Decía Ibn al Arabi, el gran maestro andalusí sufi, que hay incluso la propia existencia había de ser interpretada simbólicamente.
Nos hallamos en el ámbito de lo Sagrado, y el símbolo es su modalidad expresiva. Los espirituales islámicos sitúan todas las hierofanías, epifanías y teofanías en Alam al-Mithal, que
Henry Corbin, tradujera algo equívocamente como "Mundus Imaginalis", donde nuestra Psique se mueve entre "imágenes corporalizadas".
En el cristianismo medieval creo que puede considerarse al "pseudo" Dionisio Areopagita como el "padre" del simbolismo neoplatónico-cristiano.
Hasta André Grabar ha reconocido la importancia simbólica del neoplatonismo en la "imaginería" medieval cristiana, y así queda patente en un pequeño libro que recopila varios ensayos suyos y que ha editado Siruela: "Los orígenes de la estética medieval".
Salud
Ángel
Como dices, en el medievo hubo muy poco margen para expresar libremente más allá de los cánones. En el símbolo, y en algunos textos, se pudo refugiar y camuflar otras corrientes de pensamiento.
Aunque soy de la opinión que, en el fondo, en la esencia, todo arte -pintado, esculpido o escrito- acaba siendo un intento, una aspiración, de hacer un particular y limitado "diccionario" de traducción de lo Divino a lo Terrenal.
Sin embargo, a pesar de todo, gracias a estos "diccionarios" podemos intuir algo del porqué de nuestra existencia.
Salud y Símbolo.
"¿Qué es símbolo?, dices mientras clavas
en mi pupila tu pupila azul.
¿Qué es símbolo? ¿Y tú me lo preguntas?
Símbolo... eres tú".
[Ruego al poeta don Gustavo, me disculpe por esta paráfrasis].
Salud y fraternidad.
Habláis de símbolo y de su lenguaje transmitido, pero no observáis en los elementos físicos que han dado forma a ese símbolo, al artífice que hace siglos los ha creado???
No veis en esos trazos pintados, en esas líneas exquisitas y en esos colores impetuosos la desesperación de aquel que esta necesitado de "tocar" a Dios pero no llega a alcanzarlo???... o la melancolía que se abate sobre al que le importa poco lo que el símbolo transmite, porque el símbolo esta en él pero necesita extraerlo de sí para poder agarrarlo???
Eso es lo que queda oculto tras el significado del símbolo: la oración callada pero vertiginosa del hacedor, aquel que grita: "Faciem tuam requiro, doce me..."
...Tu rostro es el que busco, muéstramelo..
Salud y románico
Claro que vemos al artífice, al de antes y al de ahora.
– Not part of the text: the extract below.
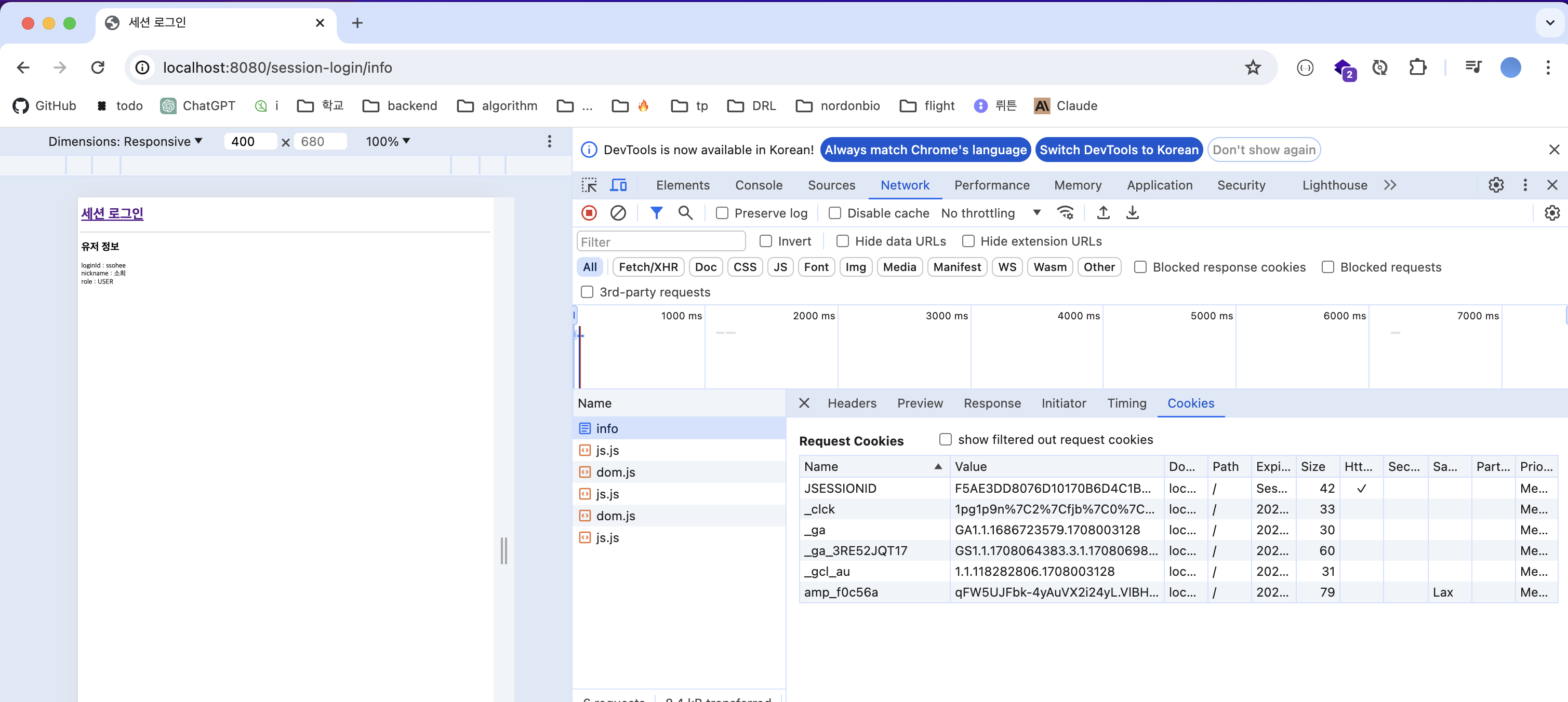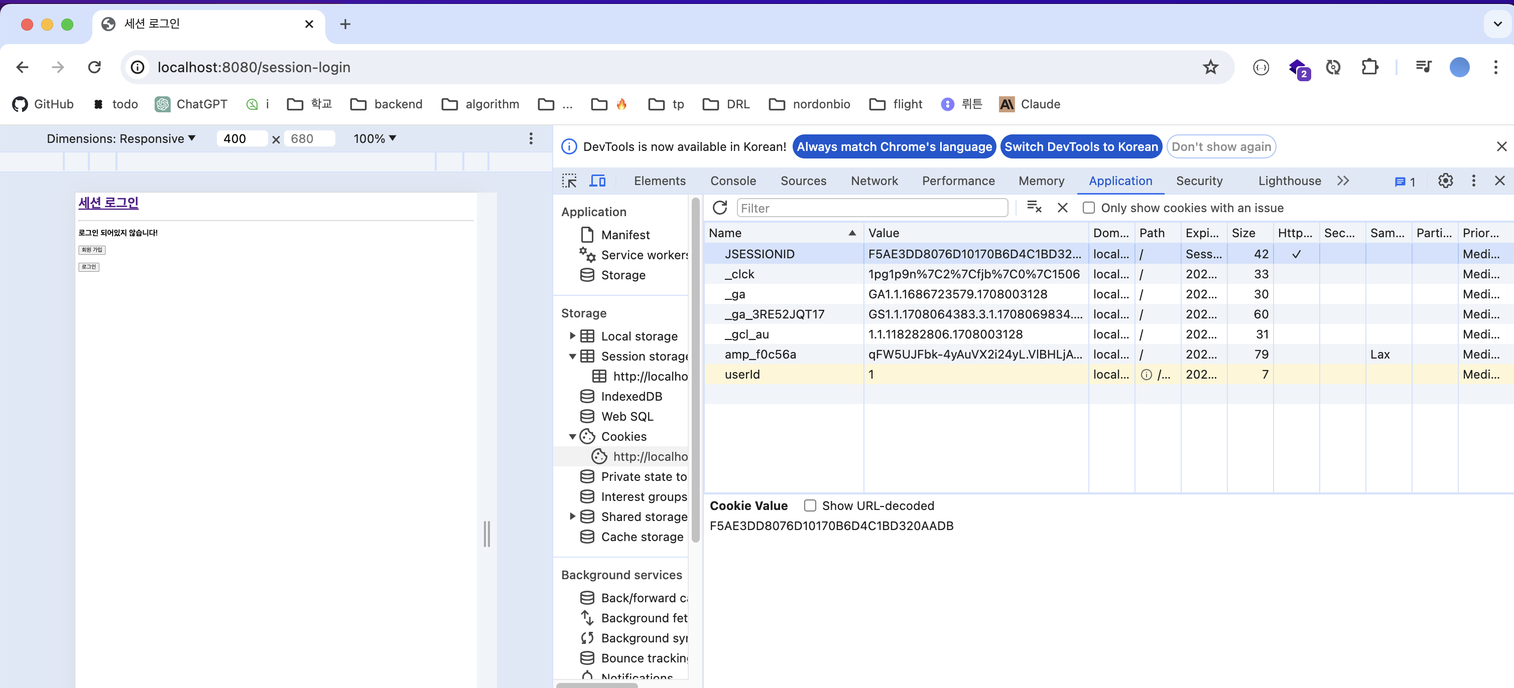 - db가 아닌 로컬 변수에 저장하기 때문에 서버 재실행 시 로그인되어 있어도 sessionList는 비어있음

Ya extrañábamos por estos lares que la mayor artesana de estas obras no se hubiese asomado a la palestra.Pero si parece que la "entrada" de maese Alkaest estuviese hecha para la alquimista de la materia y el pigmento. Que Él te muestre rostro y tus manos nos lo reconduzca.Gracias Baruk por dar vida a lo que tocas.
Gracias querida Polvorilla, ahora has sido tu que me has "pintao" los colores.